- Also known as: Antigoni (Stage Name)
- Born: Antigoni Konstantina Psychrami 17 January 1987 (age 39) Serres, Greece
- Genres: Pop
- Years active: 2010–present
- Labels: Sony Music Entertainment, Panik Records

= Antigoni Psychrami =

Antigoni Psychrami (Αντιγόνη Ψυχράμη), commonly spelled as Antigoni Psihrami, is a Greek singer who rose to fame after her participation on the first season of the talent show Greek Idol in 2010. She subsequently released the digital single "Xamogela". In March 2011, she was one of six candidates who competed to represent Greece in the Eurovision Song Contest 2011, competing with a song titled "It's All Greek to Me".

==Eurovision 2011==

==="It's All Greek to Me!"===

Antigoni Psychrami chose the song "It's All Greek to Me!" in an attempt to represent Greece at the 2011 Eurovision. "It's All Greek to Me!" was written by Apostolos Psihramis, with lyrics by Dimitris S. and Gerard James Borg. Borg is best known for penning five entries for Malta for Eurovision competitions. The song is performed in English, and is dance-pop in style, with ethnic elements.
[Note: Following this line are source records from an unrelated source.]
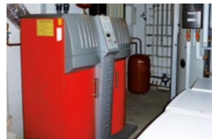
Heizzentrale mit Holzpelletkessel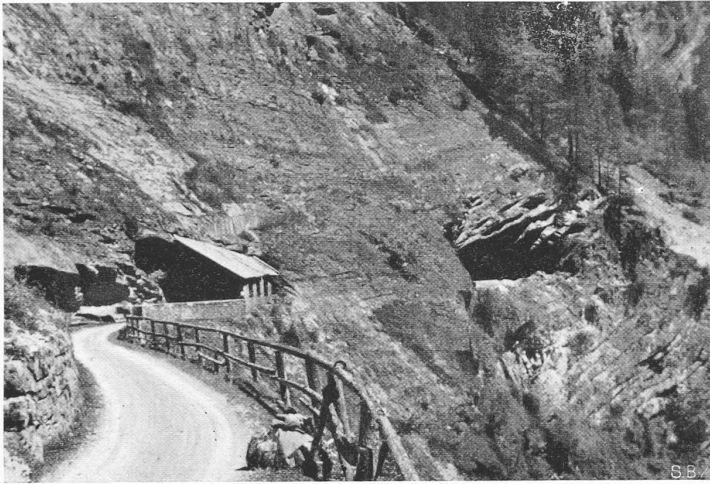
Abb. 3. Alpweg Vättis-Sardona, im Calfeisental; Galerie und Tunnel bei der Gigerwaldplatte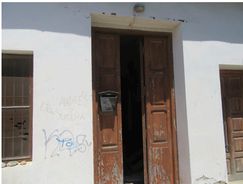
Fig. 4: Porta d'entrada a la casa des del carrer [Fotografia], 2021.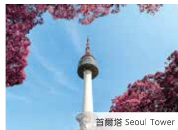
首爾塔 Seoul Tower

Psychrami emerged from the first season of the reality talent show Greek Idol in 2010, and promptly signed with record label Minos EMI. Antigoni's song finished in 2nd place, after Luca's "Watch my dance", which represented Greece in the Eurovision Song Contest 2011

===Crimea Music Fest 2011===
On 8 September 2011, Psychrami represented Greece on Crimea Music Fest, in Ukraine. The Crimea Music Fest is a worldwide song contest organized by Ukraine Television and Radio Programme. Psychrami reached 4th place for Greece at the fest.

==Appearances==

Act
| Year | Title | Role | Notes |
|---|---|---|---|
| 1995 | The Sound of Music | Young child | Theater debut, with Aliki Vougiouklaki |
| 1997 | Dalaras touring Greece | performing Papoutsia Panina |  |
| 2003 | Grease, Greek Version |  |  |
| 2003 | The Nanny, well known as H Ntanta, Greek version of nanny |  | 1 episode |
| 2003 | Safe sex |  | 2 episodes |
| 2006 | Little Shop of Horrors |  | Greek Version |
| 2009 | Rent The Musical | Mimi |  |
| 2010 | Greek Idol | Herself | Eliminated in quarterfinals |
| 2010–2012 | Rent The Musical | Mimi | Also touring with the cast of Rent on Cyprus on 2011 |
| 2010 | Dimitris Mitropanos-Pegi Zina | Herself | Opening programme |
| 2011 | Crimea Music Fest | Herself | Represent Greece (4th place) |
| 2011 | Oge Feat Antigoni Psychrami | Herself | Live at DC club in Athens |
| 2012 | Rent The Musical Concert | Mimi | Golden Hall Mall, Athens |
| 2012 | MAD Video Music Awards2012 | Herself | Perform "Mamacita Buenna" & Suavemente |

== Chart positions and certifications ==

| Chart | Peak | Album |
|---|---|---|
| Greek Charts Digital Download | 1 | Hamogela Antigoni Psychrami feat Oge (Digital Download) |
| Cyprus Charts Digital Download | 7 | Hamogela Antigoni Psychrami feat Oge (Digital Download) |

===CR Radio===
Antigoni Psychrami and her friend Nicole Paparistodimou have their own radio program on Web Radio Station C R Radio. The program is named "Sigatikoi stin Trela"(English: Crazy roommates).